‘Don Juan DeMarco’ is about the spirit of romance

Johnny Depp has a way with the ladies in 'Don Juan DeMarco'
Johnny Depp has a way with the ladies in ‘Don Juan DeMarco’

In most American movies leading men are not given emotional lives, they’re given emotional moments. Chiefly, they’re given tasks, even in romantic comedies — reclaim the prize, win the girl, slay the dragon. It’s the Alpha Male as hero. In this regard, the deeply-romantic comedy Don Juan DeMarco is a welcome exception.

The film stars Johnny Depp as the title character, a patient in a mental facility who is either clinically insane, or the direct descendant of the legendary ladies man, Don Juan of Seville. Like his distant relative, DeMarco’s life revolves around romance.

“There are only four questions of value in life,” DeMarco shares early in the film. “What is sacred? Of what is the spirit made? What is worth living for, and what is worth dying for? The answer for each is the same: only love.” It’s this wonderfully romantic notion that informs every scene in this mid-nineties gem.

If Don Juan DeMarco came and went without much fanfare back in ‘95, there is only one explanation — sometimes the critics get it wrong.

The film opens with the “Spanish nobleman” donning the last of his formal attire; a flowing cape, a black mask, leather gauntlets, etc. Focusing on these details, we could be in the age of gasping heroines and the dashing caballeros that crossed swords in their honor. Instead, the nobleman strides down the street of a modern metropolis. DeMarco’s voiceover explains that he’s the world’s greatest lover, he has made love to over a thousand women, has just turned twenty-one, and has chosen this night to die. His reason? A broken heart, of course. Before going bravely to his death, the dapper youth opts for one final “conquest.”

Striding into a hotel restaurant, DeMarco approaches a woman awaiting her date; she’s been waiting for some time and welcomes the distraction.

“I am Don Juan,” he smiles, sitting at her table.

“And you seduce women?” she chuckles.

“No,” he corrects politely. “I never take advantage of a woman. I give women pleasure, if they desire it. It is, of course, the greatest pleasure they will ever experience.” It’s quite a boast. But it gets her attention. Taking her hand, DeMarco draws an analogy between touching a woman’s fingers and touching her legs — rubbing the joints of the finger is like touching her knees, brushing further up the finger is like touching her thighs. When he kisses her hand at the knuckles, her eyes go sleepy with desire, and the implication is clear.

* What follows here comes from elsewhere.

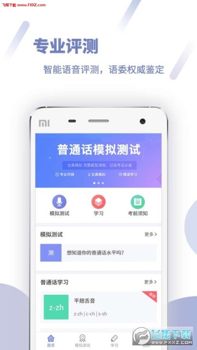畅言普通话APP,专业的普通话水平模拟测试与学习软件,使用与国家普通话水平测试系统相同的智能语音评测技术,涵盖正式考试全题型,想要说一口流利的普通话,轻松考证过级,就用畅言普通话APP!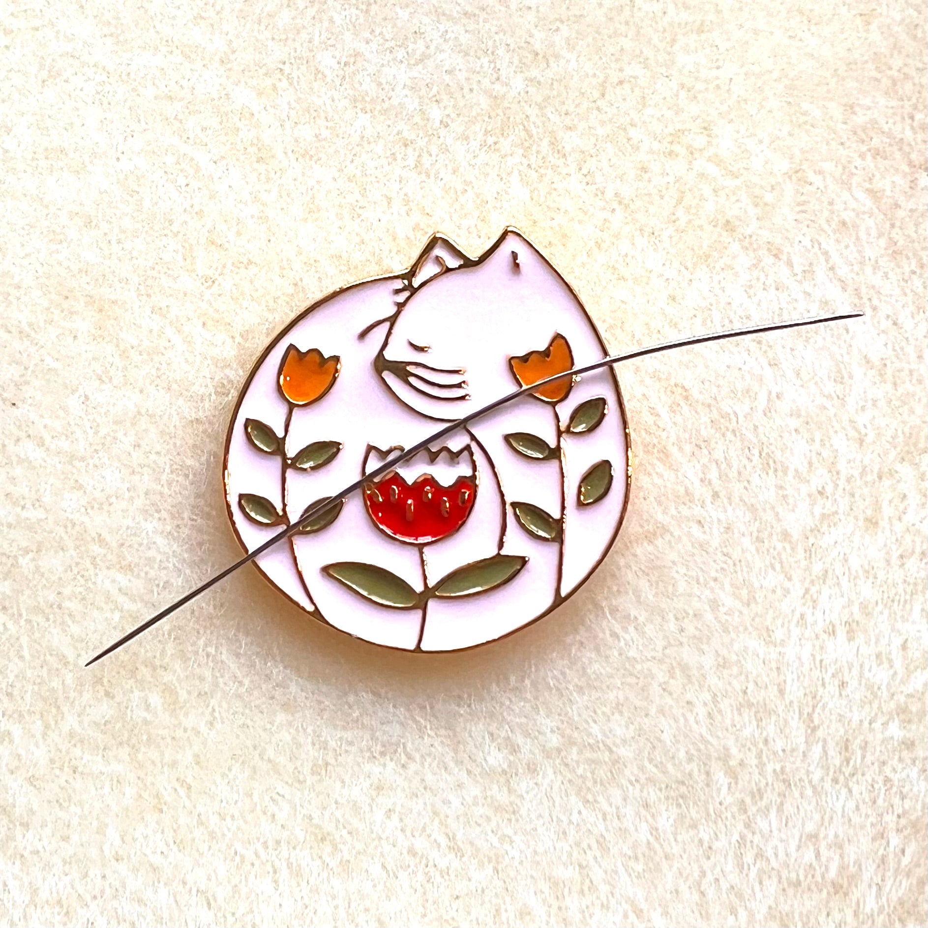 Featuring a delightful enamel cat design, it uses powerful magnets to grip securely onto your beading mat—no more hunting for lost needles mid-project.

“Every woman is a mystery to be solved,” DeMarco’s voiceover intones as the two make love in her dimly-lit hotel room. “But a woman hides nothing from a true lover.” With each image, DeMarco’s worship of the female form is clear. It’s that rare scene in American movies — a leading man focused on giving a woman pleasure, rather than using her for his. “I wonder,” DeMarco muses with a thick Castillion accent, “if the Stradivarius violin feels the same rapture as the violinist when he coaxes a single, perfect note from its heart?” With that the woman’s smiling mouth bursts open, matching the passionate cry of a lovely mariachi singer in the restaurant below.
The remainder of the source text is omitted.